La mobilisation des agriculteurs opposés aux abattages systématiques liés à la dermatose nodulaire contagieuse a franchi un nouveau seuil ce mardi soir. Après quatre jours d’actions, la Confédération paysanne et la Coordination rurale ont appelé à poursuivre et amplifier les blocages sur l’ensemble du territoire. Le mouvement, motivé par le rejet de la stratégie sanitaire de l’État, a provoqué de lourdes perturbations routières et ferroviaires, notamment dans le Sud-Ouest et le Sud-Est, mais aussi dans plusieurs régions centrales et de l’Est. La contestation vise directement la politique d’abattage total des troupeaux de bovins touchés ou suspectés d’être exposés à la maladie. Les éleveurs dénoncent une réponse jugée disproportionnée, économiquement destructrice et insuffisamment adaptée aux réalités locales. Le gouvernement, de son côté, maintient que ces mesures sont nécessaires pour contenir une maladie hautement contagieuse, tout en promettant des ajustements.
Dans le Sud-Ouest, la situation est restée particulièrement tendue tout au long de la journée
L’autoroute A64 a été coupée dans les deux sens entre la Haute-Garonne et les Pyrénées-Atlantiques, tout comme plusieurs portions de l’A63 au sud de Bordeaux et de l’A61 entre l’Aude et la Haute-Garonne. Des fermetures ont également concerné l’A20 dans le Lot et en Corrèze, ainsi que l’A89 en Dordogne et en Corrèze. Des agriculteurs ont mené des actions symboliques devant des bâtiments administratifs, notamment à Périgueux, où des dépôts de remorques et de carcasses animales ont été signalés.
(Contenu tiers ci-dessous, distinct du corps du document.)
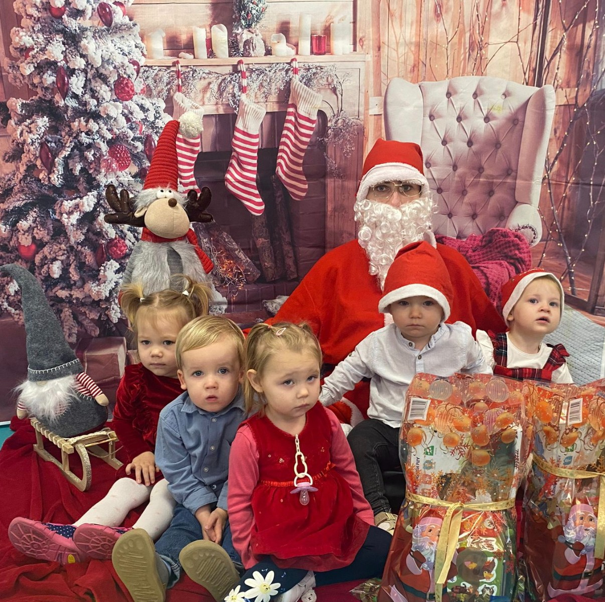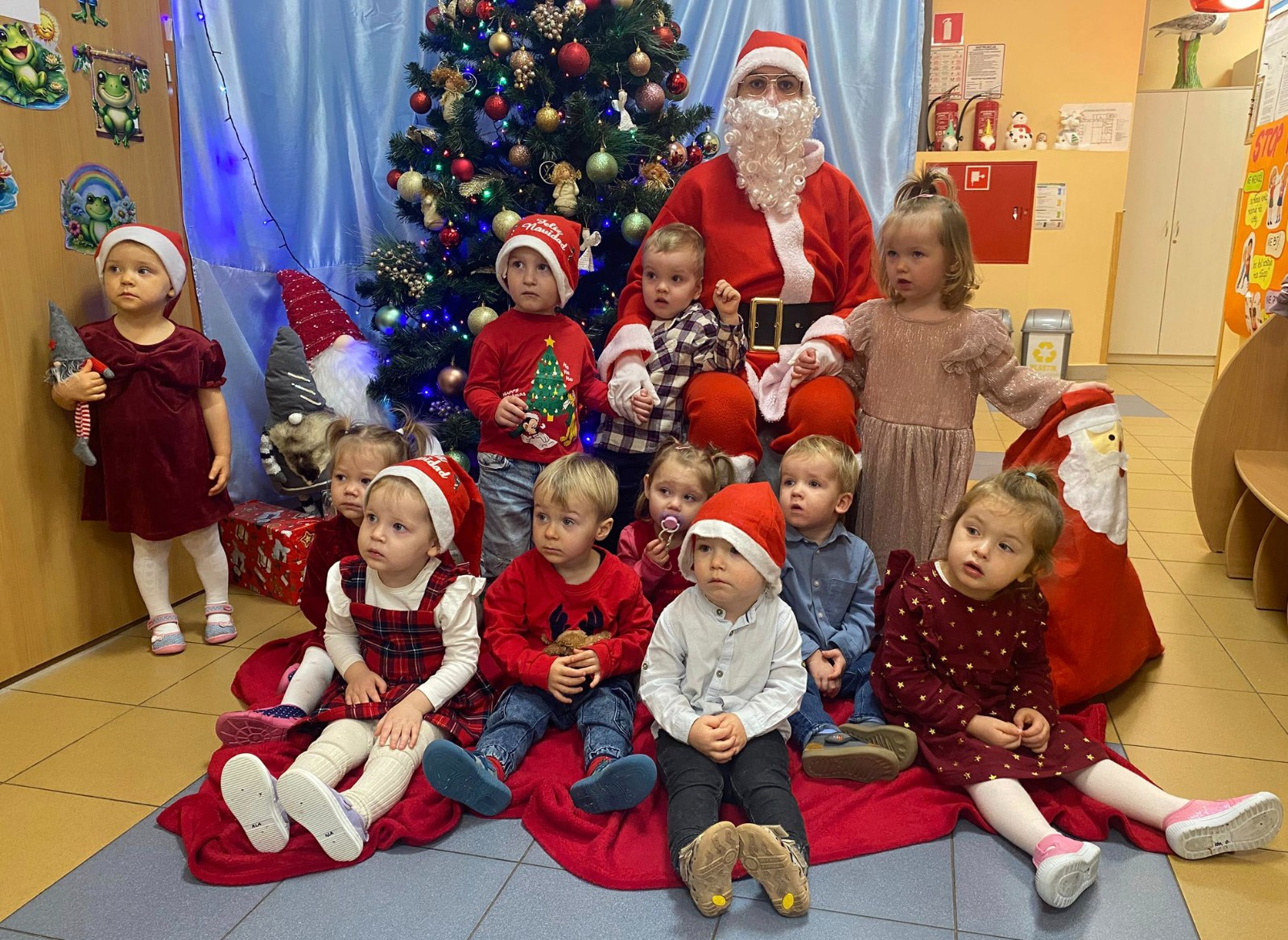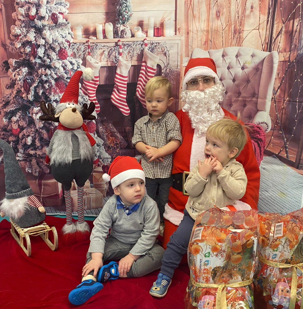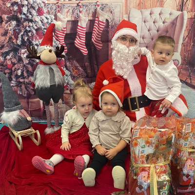 Zdjęcie przedstawiające dzieci w dzień Świętego Mikołaja.

Les conséquences se sont aussi fait sentir sur le réseau ferroviaire. En Occitanie, la circulation des trains a été interrompue sur l’axe Toulouse-Narbonne, après le dépôt de matériel agricole sur les voies à hauteur de Villefranche-de-Lauragais. La ligne Toulouse-Auch a également été coupée dans le Gers. Des services de substitution par autocars ont été mis en place, sans perspective de reprise rapide du trafic dans la journée.
Dans le Sud-Est, le mouvement a pris une ampleur comparable
Dans le Gard, l’ensemble des échangeurs autour de Nîmes ont été impactés sur les autoroutes A9 et A54. En Hérault, des restrictions ont touché l’A709 et l’A75, compliquant fortement les déplacements vers l’Espagne et le littoral. Les syndicats agricoles locaux ont affirmé vouloir maintenir la pression tant que des réponses concrètes ne seraient pas apportées. La mobilisation s’est également étendue à d’autres territoires. Dans le Cantal, le tunnel du Lioran est resté bloqué depuis la veille au soir. En Creuse, la nationale 145 a été fermée entre Gouzon et Fleurat. Dans les Deux-Sèvres et la Vienne, des tracteurs ont occupé des axes stratégiques autour de l’A10, tandis que des opérations escargot ont ralenti la circulation autour de Bressuire. Dans les Vosges, des barrages filtrants ont été mis en place à Chavelot, et en Haute-Loire, plusieurs centaines d’agriculteurs se sont rassemblés devant la préfecture du Puy-en-Velay. Face à l’ampleur du mouvement, le Premier ministre a demandé une clarification et une accélération de la stratégie vaccinale, en insistant sur la nécessité de mieux prendre en compte les spécificités départementales. Il a annoncé vouloir recevoir les organisations professionnelles agricoles dans les prochains jours. Cette ouverture n’a toutefois pas suffi à désamorcer la colère, les syndicats estimant que les annonces restent floues et insuffisantes. La semaine s’annonce donc sous haute tension, avec la perspective de nouvelles actions et de blocages prolongés. Pour les agriculteurs mobilisés, il s’agit désormais d’un bras de fer avec l’État autour de la gestion sanitaire, mais aussi de la reconnaissance de la détresse économique et morale des éleveurs confrontés à la perte de leurs troupeaux.